Migrating from Kotlin to Gossamer

Kotlin and Gossamer share several ideas: null safety maps to Option<T>, val/var maps to let/let mut, when expressions map to match, data classes map to structs, and coroutines map to goroutines. The main shift is from JVM-hosted OO with nullable types to a GC-managed systems language where every absent value is explicit and every blocking call is safe.

TL;DR

  • What transfers: val/varlet/let mut, whenmatch, data classes → structs, sealed classes → enums, lambdas → closures, interfaces → traits, T?Option<T>, coroutines → goroutines.
  • What changes: method-chaining collections vs. iter::* + |>, suspend vs. go expr, string templates vs. format!, companion objects vs. associated functions, exceptions vs. Result<T, E>.
  • What's absent: @ annotations as user-extensible metadata, reflection, JVM interop, inline/reified generics, Kotlin DSLs.

Syntax cheat-sheet

Kotlin Gossamer Notes
val x = 5 let x = 5 Immutable binding.
var x = 5 let mut x = 5 Mutable binding.
fun f(x: Int): Int = x + 1 fn f(x: i64) -> i64 { x + 1 }
{ x: Int -> x + 1 } \|x: i64\| x + 1 Lambda / closure.
if (cond) a else b if cond { a } else { b } No parens required.
when (x) { 1 -> … else -> … } match x { 1 => …, _ => … } Exhaustive.
data class Point(val x: Int, val y: Int) struct Point { x: i64, y: i64 }
sealed class Shape enum Shape { … }
println("$name is $age") println!("{name} is {age}")
"$name".length name.len()
listOf(1, 2, 3) [1, 2, 3] Vec<i64>.
mapOf("a" to 1) HashMap::from([("a", 1)])
x?.method() if let Some(v) = x { v.method() }
x ?: default x.unwrap_or(default)
x!! x.unwrap() Panics on None.
launch { … } go fn() { … }() Goroutine.
async { … }.await channel send/recv, or direct call
try { … } catch (e: …) { … } match f() { Ok(v) => …, Err(e) => … }
throw Exception("msg") return Err(errors::new("msg"))

Null safety → Option

Kotlin's T? has four operators: ?. (safe call), ?: (Elvis), !! (force unwrap), and smart casts after null checks.

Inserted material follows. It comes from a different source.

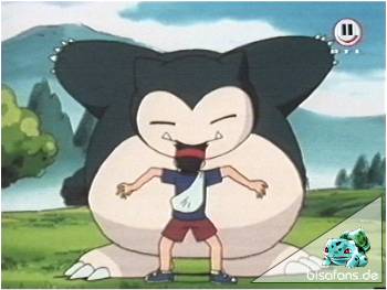 Also bleibt unseren Freunden nichts anderes übrig, als sich als Nahrung zu verkleiden. Ash bekommt ein schickes Apfel-Kostüm und soll damit Relaxo über den Berg locken. Doch dies klappt besser als erwartet und Relaxo schafft es Ash einzuholen. Glücklicherweise schmeckte Ash als Apfel nicht so gut, so daß ihm nichts passiert.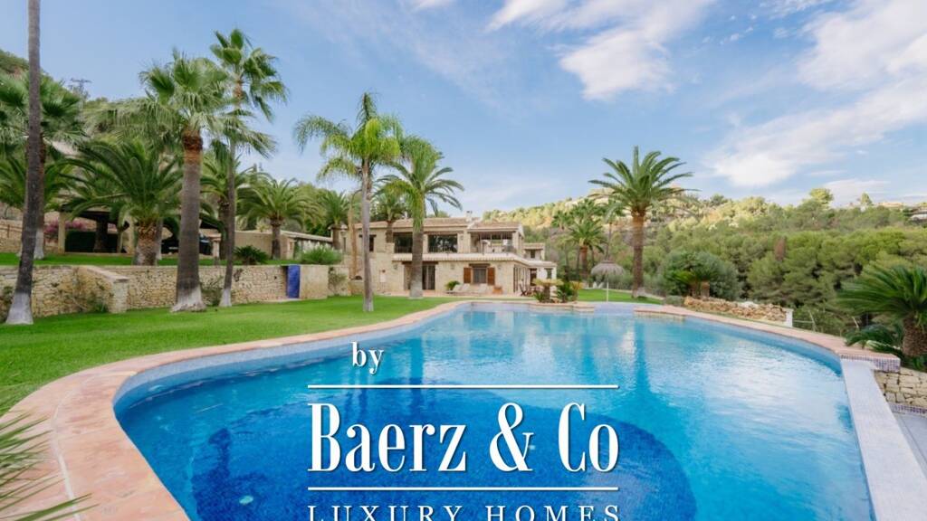this unique finca combines the luxury of modern amenities with an authentic and rustic atmosphere thanks to the many wooden beams, natural stone walls and terracotta floor tiles. situated in the charming coastal town of benissa, on a domain of more than 27.000 m2 with panoramic sea views and complete privacy.

Gossamer uses Option<T> with explicit unwrapping:

Kotlin:

val len: Int? = name?.length
val display = name ?: "anonymous"
val forced = name!!.uppercase()

Gossamer:

let len: Option<i64> = name.as_ref().map(|s: &String| s.len() as i64)
let display = name.as_deref().unwrap_or("anonymous")
let forced = name.as_ref().unwrap().to_uppercase()

For conditional access, if let is idiomatic:

if let Some(n) = name {
    println!("hello, {n}")
}

Data classes → structs

Kotlin:

data class User(val name: String, val age: Int)
val u = User("Ada", 36)
val older = u.copy(age = 37)

Gossamer:

struct User { name: String, age: i64 }

let u = User { name: "Ada", age: 36 }
let older = User { age: 37, ..u }

Deriving Debug, Clone, and PartialEq is the Gossamer equivalent of data class's auto-generated toString / equals / hashCode:

#[derive(Debug, Clone, PartialEq)]
struct User { name: String, age: i64 }

Sealed classes → enums

Kotlin:

sealed class Result<out T>
data class Success<T>(val value: T) : Result<T>()
data class Failure(val error: Throwable) : Result<Nothing>()

when (result) {
    is Success -> println(result.value)
    is Failure -> println(result.error.message)
}

Gossamer uses the built-in Result<T, E> or a user enum:

enum Outcome {
    Win(String),
    Loss(String),
    Draw,
}

match outcome {
    Outcome::Win(msg) => println!("{msg}"),
    Outcome::Loss(msg) => eprintln!("{msg}"),
    Outcome::Draw => println!("tied"),
}

Collections and iteration

Kotlin collections carry .map, .filter, .fold as methods. Gossamer separates these into free functions in std::iter (data last, piped with |>). Mutating helpers (push, sort, remove) stay as methods.

Kotlin:

val total = listOf(1, 2, 3, 4, 5)
    .filter { it % 2 == 0 }
    .sumOf { it * it }

Gossamer:

let total = [1, 2, 3, 4, 5]
    |> iter::filter(|n: i64| n % 2 == 0)
    |> iter::sum_by(|n: i64| n * n)

Kotlin:

val words = sentence.split(" ").map { it.trim() }.filter { it.isNotEmpty() }

Gossamer:

let words = strings::split(&sentence, " ")
    |> iter::map(|s: String| strings::trim(&s))
    |> iter::filter(|s: String| s.len() > 0)
    |> iter::collect()

String interpolation

Kotlin uses "$variable" and "${expression}". Gossamer uses format! / println! with {identifier} or positional {}:

Kotlin:

val msg = "Hello, $name! You are ${age + 1} next year."

Gossamer:

let msg = format!("Hello, {name}! You are {} next year.", age + 1)

Coroutines → goroutines

Kotlin coroutines are cooperative and tied to a CoroutineScope. Gossamer goroutines are stackful and scheduled by an M:N work-stealing runtime — blocking IO doesn't block the OS thread.

Kotlin:

fun main() = runBlocking {
    val result = async { fetchData(url) }
    println(result.await())
}

Gossamer:

fn main() {
    let (tx, rx) = channel()
    go fn() {
        tx.send(fetch_data(&url))
    }()
    println!("{}", rx.recv().unwrap())
}

For fan-out + fan-in, WaitGroup is the Go-shaped idiom:

let wg = sync::WaitGroup::new()
let (tx, rx) = channel()

for url in urls {
    wg.add(1)
    let tx = tx.clone()
    go fn() {
        defer wg.done()
        tx.send(fetch_data(&url))
    }()
}

go fn() {
    wg.wait()
    drop(tx)
}()

while let Some(result) = rx.recv() {
    process(result)
}

Extension functions

Kotlin extension functions add methods to existing types:

fun String.shout(): String = this.uppercase() + "!"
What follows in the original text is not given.